Dalam unggahan itu, Thailand digambarkan memiliki tujuh trofi, Singapura empat, Vietnam tiga, dan Malaysia satu.
Indonesia tidak diberi gambar piala, melainkan sebuah telur dengan penanda 0 trofi.
Di sisi yang sama, TMS Goal juga menaruh bendera Belanda yang langsung dibaca warganet sebagai sindiran terhadap banyaknya pemain keturunan di skuad Garuda.
TMS Goal melengkapi unggahan tersebut dengan takarir singkat, “Kesian”.
Unggahan bernada satir itu kemudian cepat beredar di kalangan pencinta sepak bola Asia Tenggara dan memicu gelombang komentar dari akun-akun asal Indonesia yang menyerbu kolom balasan mereka.
Sindiran Muncul Sebelum Indonesia Tersingkir
Konteks kemunculan unggahan itu tak lepas dari hasil pertandingan terakhir Grup A pada hari yang sama.
Indonesia harus puas bermain imbang 1-1 melawan Singapura, sementara Vietnam menundukkan Kamboja 3-1.
Hasil tersebut memastikan Vietnam dan Singapura lolos ke semifinal, sedangkan Indonesia kembali terhenti di fase grup.
Karena itu, sindiran TMS Goal bukan hanya menyorot kegagalan Indonesia pada edisi 2026, tetapi juga mengangkat kembali fakta bahwa Garuda belum pernah menjuarai Piala AFF sejak turnamen ini pertama kali digelar pada 1996.
Rekor tanpa trofi itulah yang dijadikan bahan olok-olok melalui simbol telur di lemari trofi Indonesia.

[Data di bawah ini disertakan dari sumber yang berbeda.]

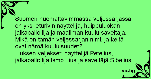 Liuksen veljekset: näyttelijä Petelius, jalkapalloilija Ismo Lius ja säveltäjä Sibelius.
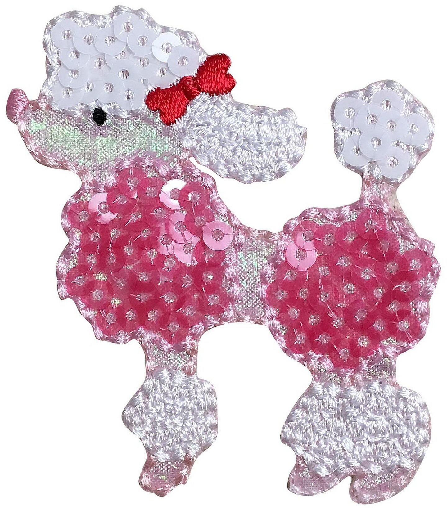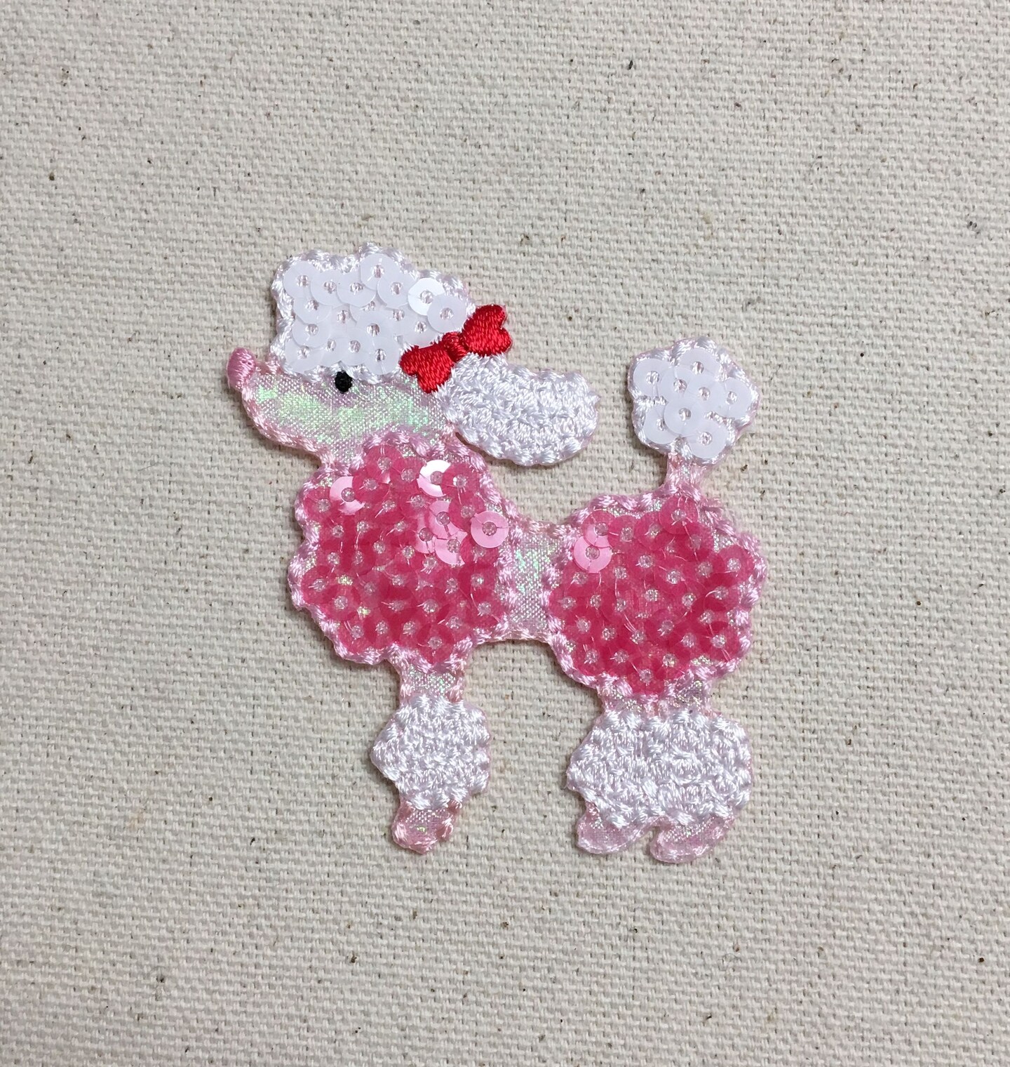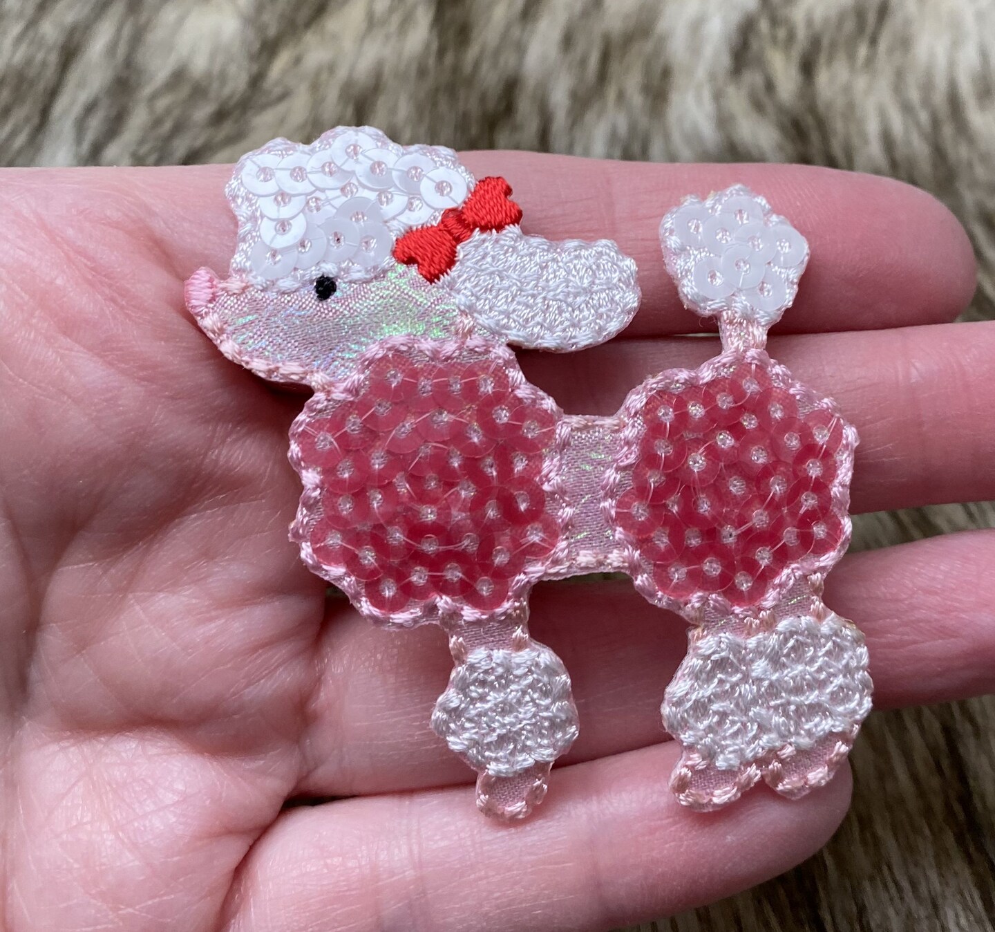 Pink Sequin Poodle Embroidered, Iron on Patch
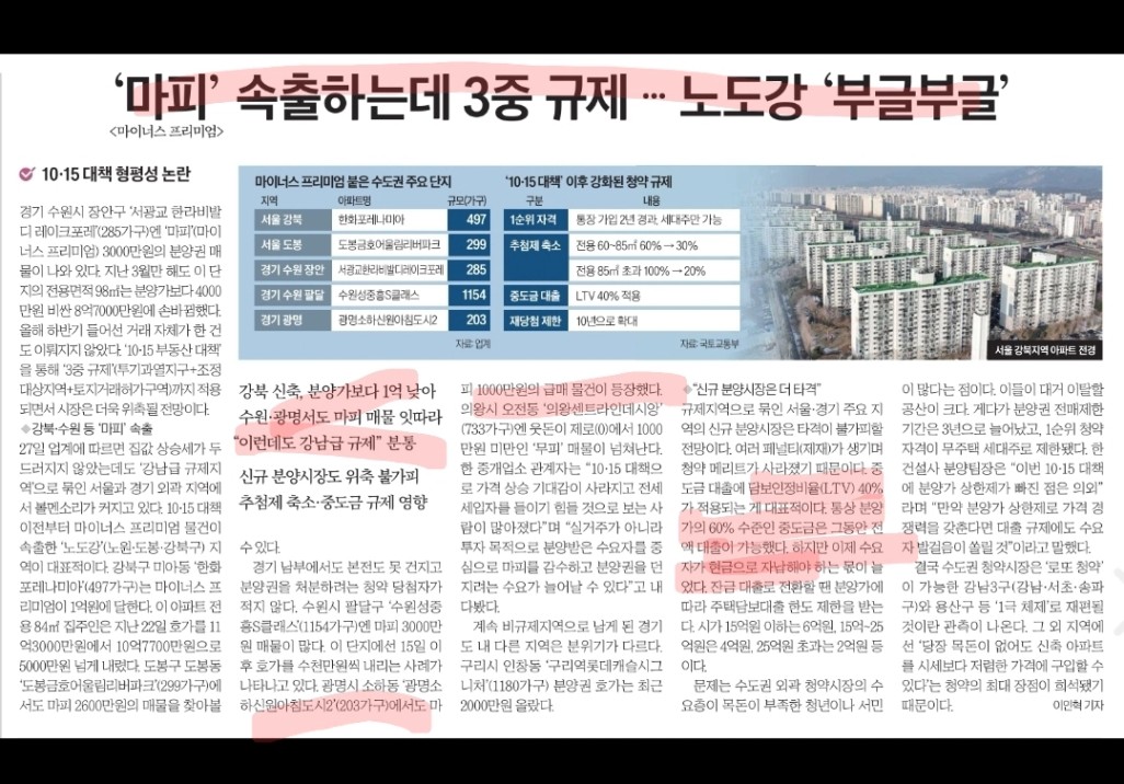 10.15 대책으로 분양시장도 위축된 상황. 중도금도 40% 줄어들고 잔금대출도 줄어든 상황이라 이미 청약받은 사람도 할 사람도 불만이 나올 수 밖에 없는 상황😅 공급 늘릴 수 있나???!!
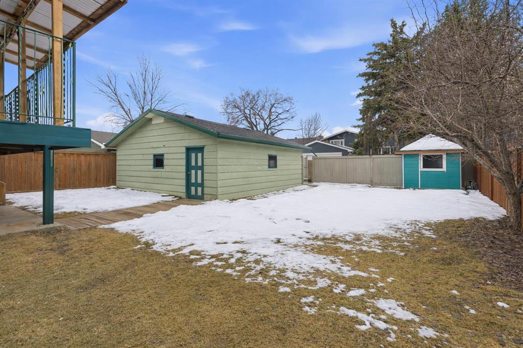 Situated on a large lot with rear alley access, the property includes a double detached garage and generous yard space — perfect for future landscaping, outdoor living improvements, or additional parking flexibility.
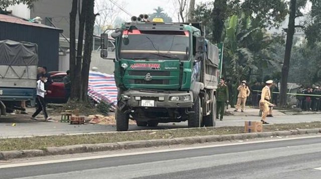 Vụ tai nạn giao thông giữa xe ben và xe tải ở gần đường tròn Tân Long (Thái Nguyên) khiến 2 người tử vong, trong đó có một cán bộ CSGT đang làm nhiệm vụ.
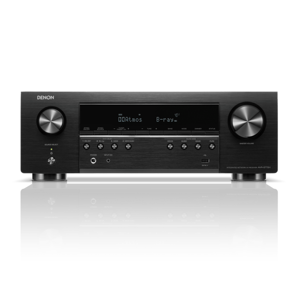The 7.2-channel AVR-S770H delivers 75W per channel up to a 7.2 or 5.2.2 speaker configuration—powerful enough to fill your mid-size room with Dolby Atmos and DTS:X surround sound. Combine with advanced HDMI on three of six inputs and one output, and the stage is set for incredibly immersive home theater experiences.
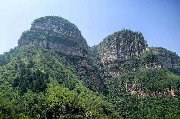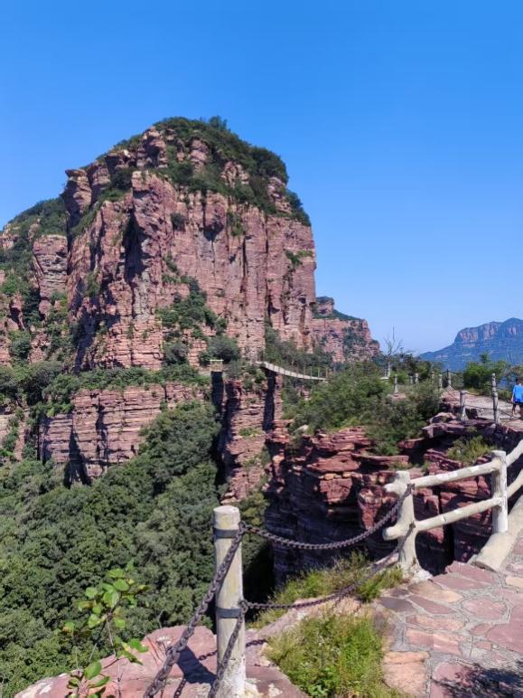 走至山顶,是一处巨大的平台,顶部整体平坦,张河湾水库在其西北方向下方,全貌几乎囊括,崖壁周边有部分松动,总体视野广阔,采光良好,风景优美。
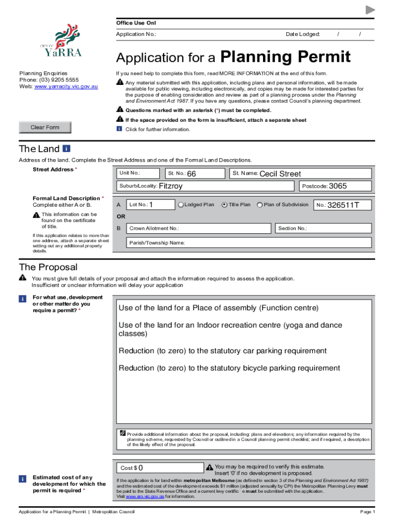 Office Use On Application No.:Date Lodged:Application for a Planning Inquiries Phone: (03) 9205 5555 Web: www.yarracity.vic.gov.au//PermitIf you need help to complete this form, read MORE INFORMATION
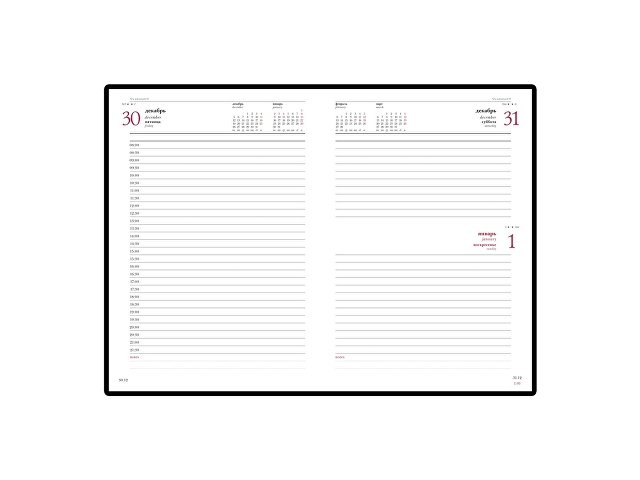 Благородство и статусность придают ежедневнику отстрочка по периметру в тон, скругленные углы, закладка-ляссе бордового цвета, золотой срез.

Reaksi netizen Indonesia pun muncul bukan semata karena ejekan soal nol gelar.
Penempatan bendera Belanda ikut memanaskan suasana karena menyentuh perdebatan lama mengenai proyek naturalisasi dan identitas skuad Timnas Indonesia.
Kombinasi dua simbol itu membuat unggahan TMS Goal cepat berubah dari candaan antarsuporter menjadi bahan perbincangan luas di media sosial.
Hingga Sabtu pagi, 8 Agustus 2026, unggahan tersebut masih menjadi sorotan karena muncul di tengah kekecewaan publik setelah Indonesia kembali gagal melangkah jauh di turnamen Asia Tenggara.